Conversely, two anti-vaping lawmakers from Illinois are determined to lobby the FDA to ban all non-tobacco-flavored e-cigarette products. Democratic Senator Dick Durbin tweeted a news article on FDA’s marketing denial orders, urging the agency to “Now do JUUL.” Democrat Raja Krishanmoorthi retweeted  Durbin’s tweet, saying “What he said.” Ironically, more than 100 PPP loans were received by vape businesses in these Democrats’ own state, with recipients claiming a total of more than 600 jobs. All of these will be eliminated should the FDA ban all non-tobacco-flavored PMTAs.

These figures do not include all vape shops with more obscure names. Clearly, thousands of small businesses will be impacted and thousands more jobs.

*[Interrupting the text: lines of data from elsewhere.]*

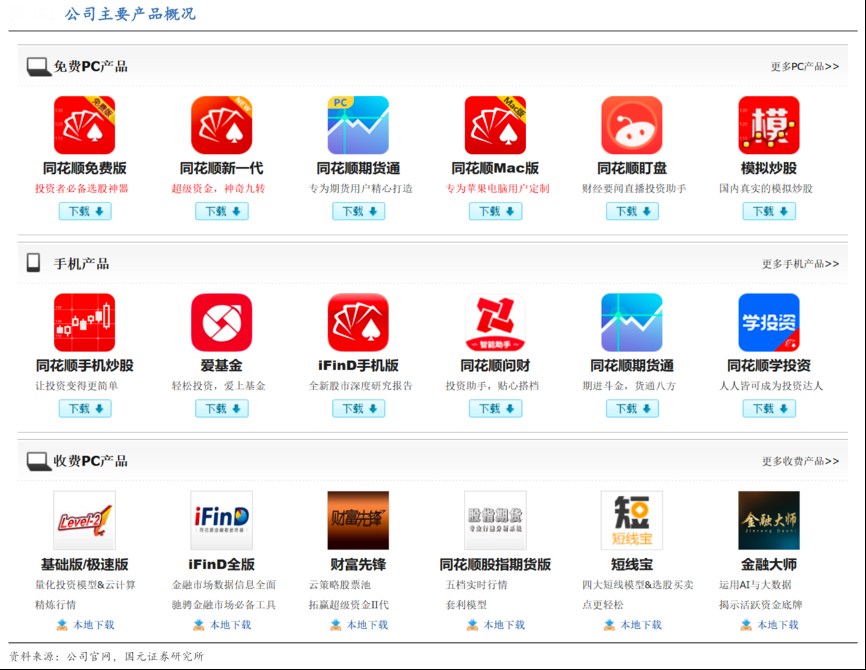 經(jīng)典方法:根據(jù)公司官網(wǎng)、國元證券研究院等綜合資訊表明,同花順公司以自身數(shù)據(jù)積累與多年服務(wù) C 端客戶的行業(yè)經(jīng)驗(yàn),產(chǎn)品主要可分為 PC 端產(chǎn)品及手機(jī)端產(chǎn)品。其中 PC 端產(chǎn)品可分為免費(fèi)產(chǎn)品與付費(fèi)產(chǎn)品。PC 端產(chǎn)品主要有同花順財(cái)經(jīng)網(wǎng)頁、同花順期貨通、同花順盯盤、 模擬炒股等免費(fèi)產(chǎn)品,以及 iFinD 全版、Level-2、財(cái)富先鋒、短線寶及金融大師等付費(fèi)產(chǎn)品。移動(dòng)端產(chǎn)品主要包括愛基金、手機(jī)炒股、iFinD 手機(jī)版等。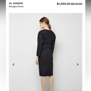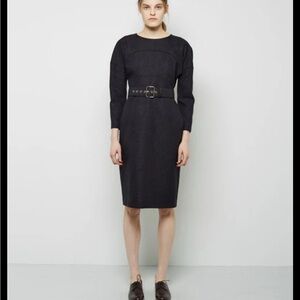Round neck. Long sleeves. Pleated shoulder. Side seam hip pockets. Graphic seams throughout. Delicate, concealed back zip. Belt in identical fabrication with silver hardware is included. Straight fit. Length hits below the knee.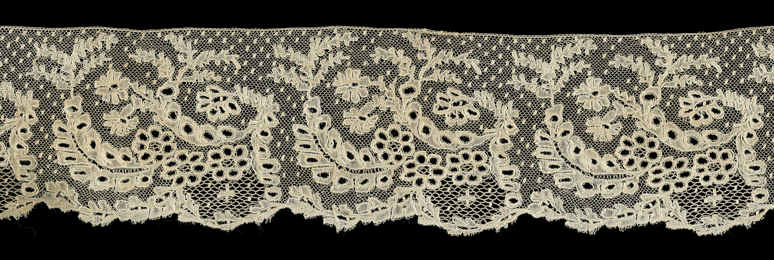 3.25" x 68" (8.25cm x 172.72cm) Scalloped border which is unusual for Beveran, but the pattern and extensive esprits look more like Beveran. It could be Lille, but I'll leave it here for the moment.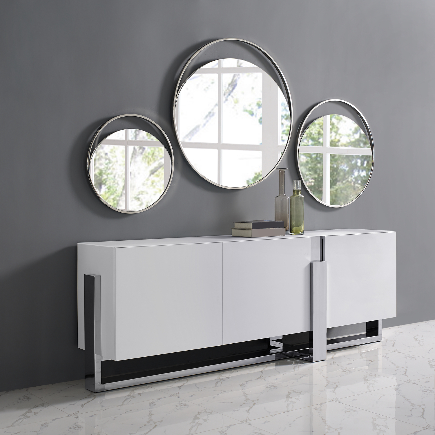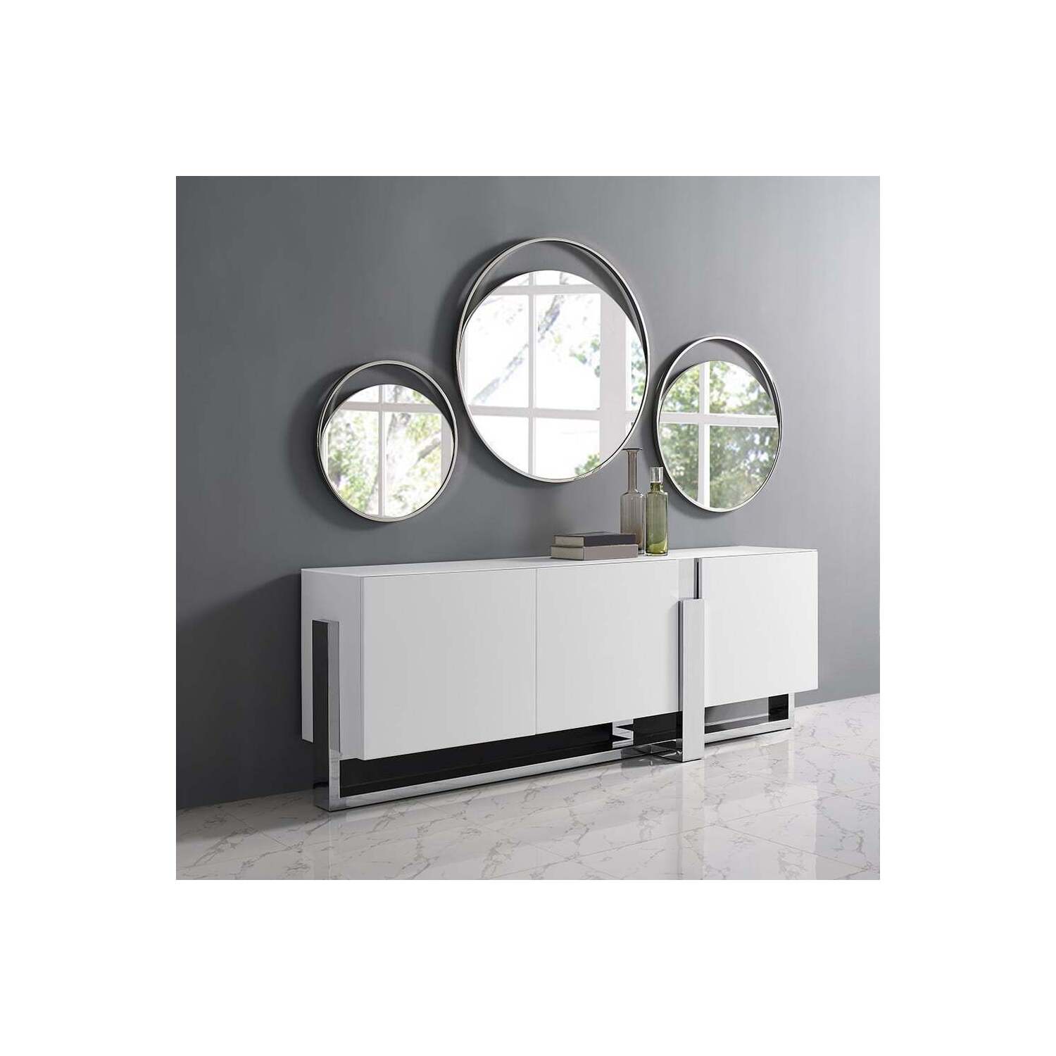 Blake Buffet 5mm Tempered Crystal Frosted Glass Top, Matte white, Polished Stainless Steel Base.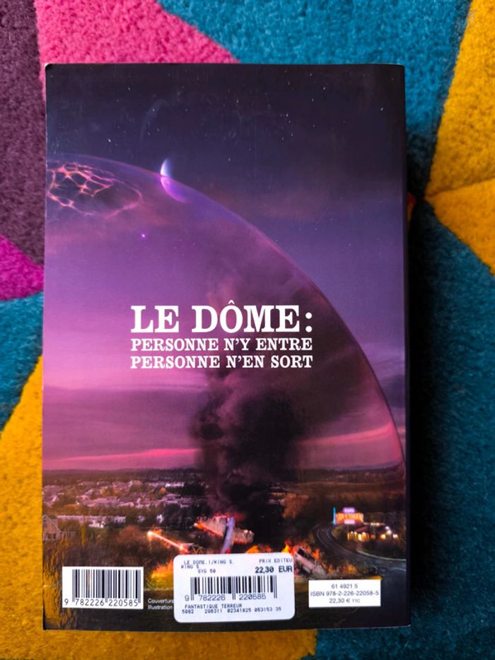 Très bon état Le Dôme : personne n'y entre, personne n'en sort. À la fin de l'automne, la petite ville de Chester Mill, dans le Maine, est inexplicablement et brutalement isolée du reste du monde par un champ de force invisible. Personne ne comprend ce qu'est ce dôme transparent, d'où il vient et quand ou si il partira. L'armée semble impuissante à ouvrir un passage tandis que les ressources à l'intérieur de Chester Mill se raréfient. Big Jim Rennie, un politicien pourri jusqu'à l'os, voit tout de suite le bénéfice qu'il peut tirer de la situation, lui qui a toujours rêvé de mettre la ville sous sa coupe. Un nouvel ordre social régi par la terreur s'installe et la résistance s'organise autour de Dale Barbara, vétéran de l'Irak et chef cuistot fraîchement débarqué en ville.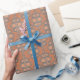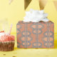 This wrapping paper has an art deco design of three salmon ovals broken across two very thin salmon rectangles with slate blue lines on a field of rust. Want the same design with different colours? Message me.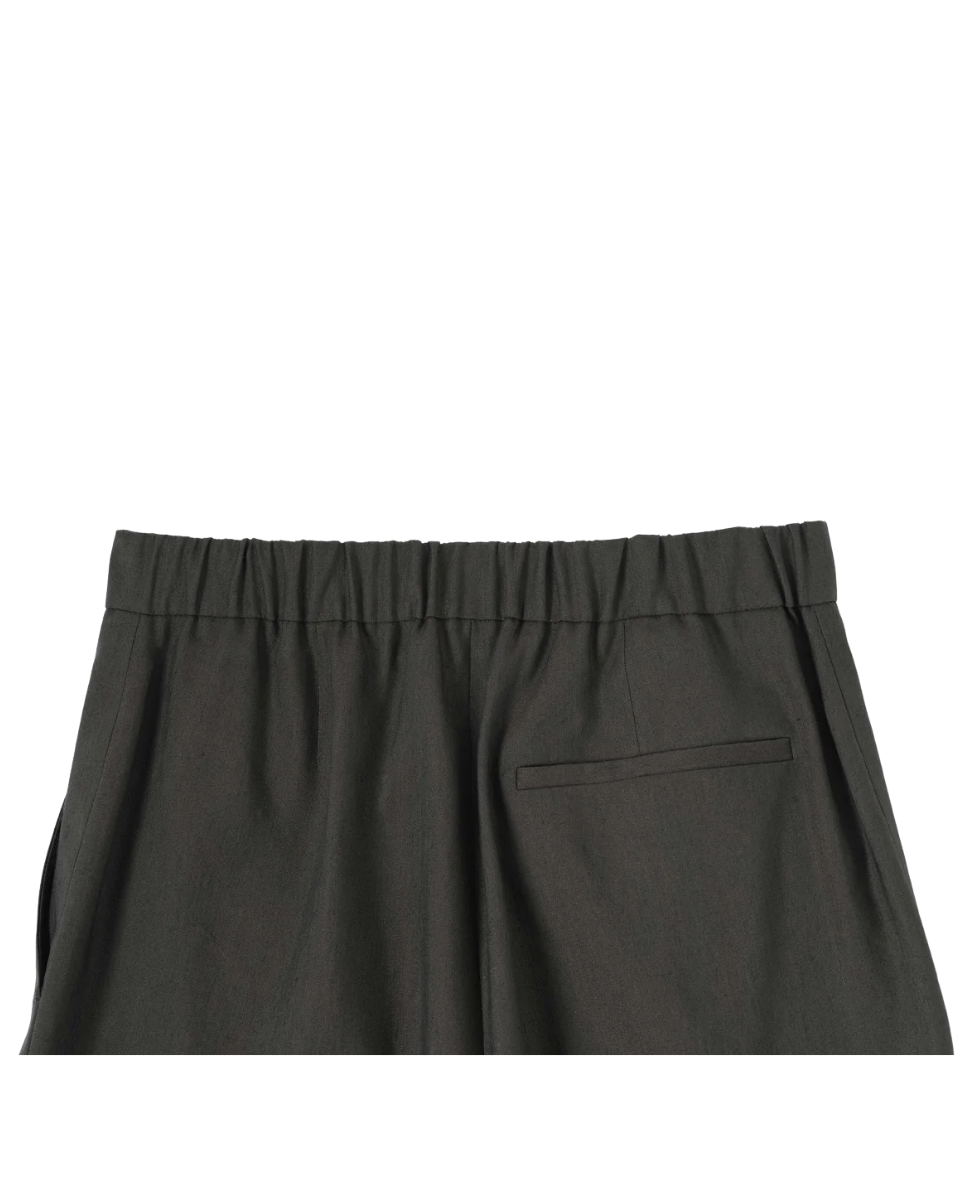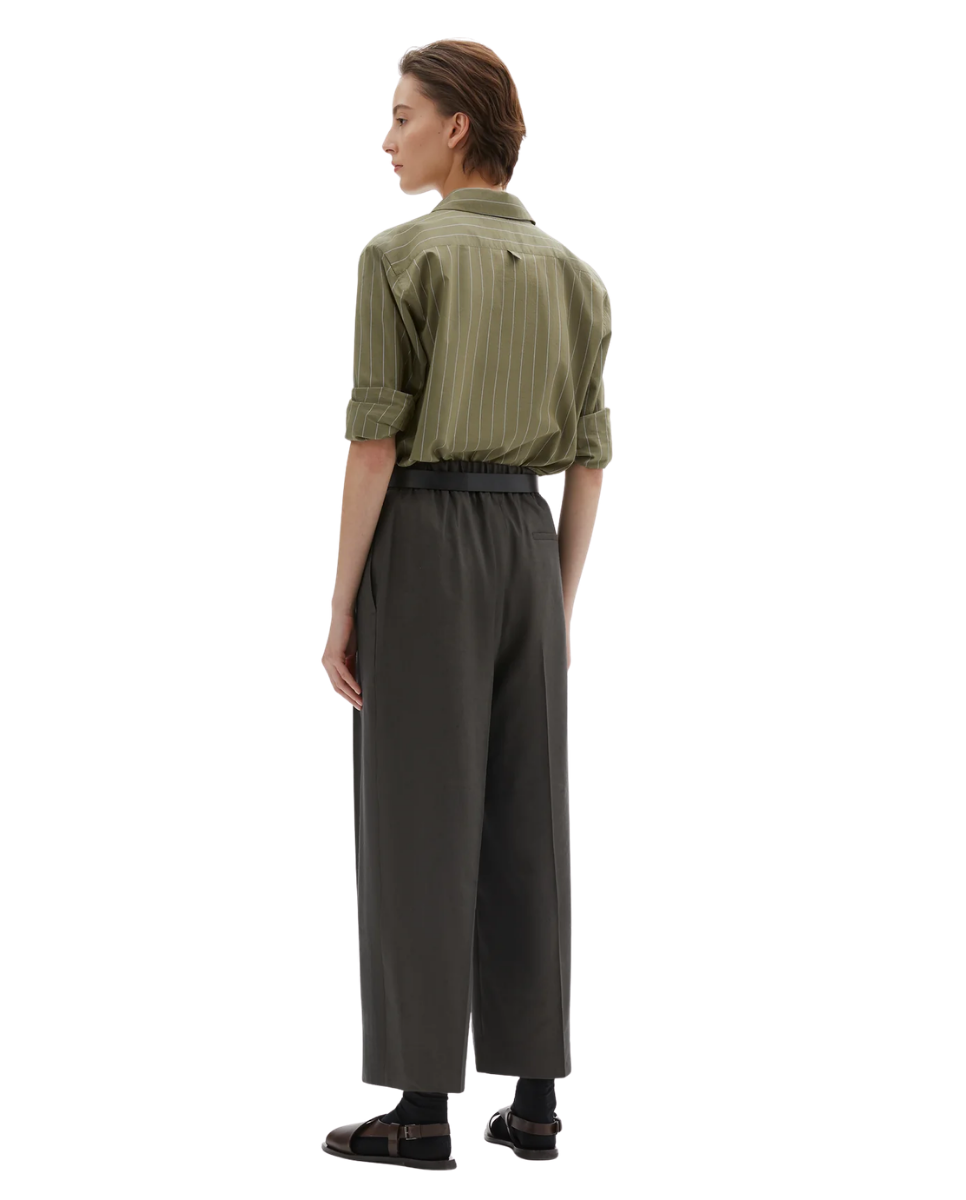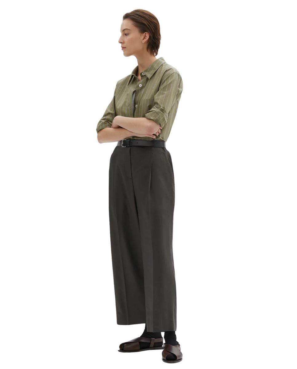 The Pleated Front Cropped Trousers have a relaxed cut and are fabricated in an ultra light linen silk blend with a dry, fluid hand feel and subtle raised nep finish. The slouchy, minimalist trousers are constructed with a button fastening, half-elasticated waistband, and welt back pocket.

Worse, lawmakers are actively urging an agency to run inefficiently. PMTAs were due September 9, 2020. In August 2020, the FDA announced that its Center for Tobacco Products (CTP) was “expanding hiring” due to an “influx” of PMTAs. The agency remarked that they expected “this hiring surge to continue for at least another 2-3 years.”


Ironically enough, the CTP does not actually receive taxpayer dollars, rather the FDA division “is funded solely by tobacco user fees.” In essence, the branch of the FDA that determines the fate of harm reduction alternatives to combustible tobacco is entirely funded by tobacco. This is the equivalent of having a horse and buggy manufacturer determine the safety and authorization of automobiles.

Lawmakers lobbying federal agencies is problematic at best. While CTP is funded by user fees, half of the FDA’s budget does come from taxpayers. Their budget is determined at the behest of federal lawmakers. It is possible that the FDA is worried that Sen. Durbin and Rep. Krishanmoorthi will move to reduce funding for the agency if the FDA does approve flavored e-cigarettes.

Because of the incompetence of the FDA and the ignorance of some members of Congress, millions of former adult smokers will be harmed, thousands of small businesses will shutter their doors, and many more will be laid off.

It would truly be ironic if the cause of layoffs and closures in 2021 was not due to COVID-19, but the federal government that spent trillions of dollars to keep business open only to have federal agencies that have very little to no congressional oversight close them.

Lindsey Stroud is Director of The Taxpayers Protection Alliance’s Consumer Center.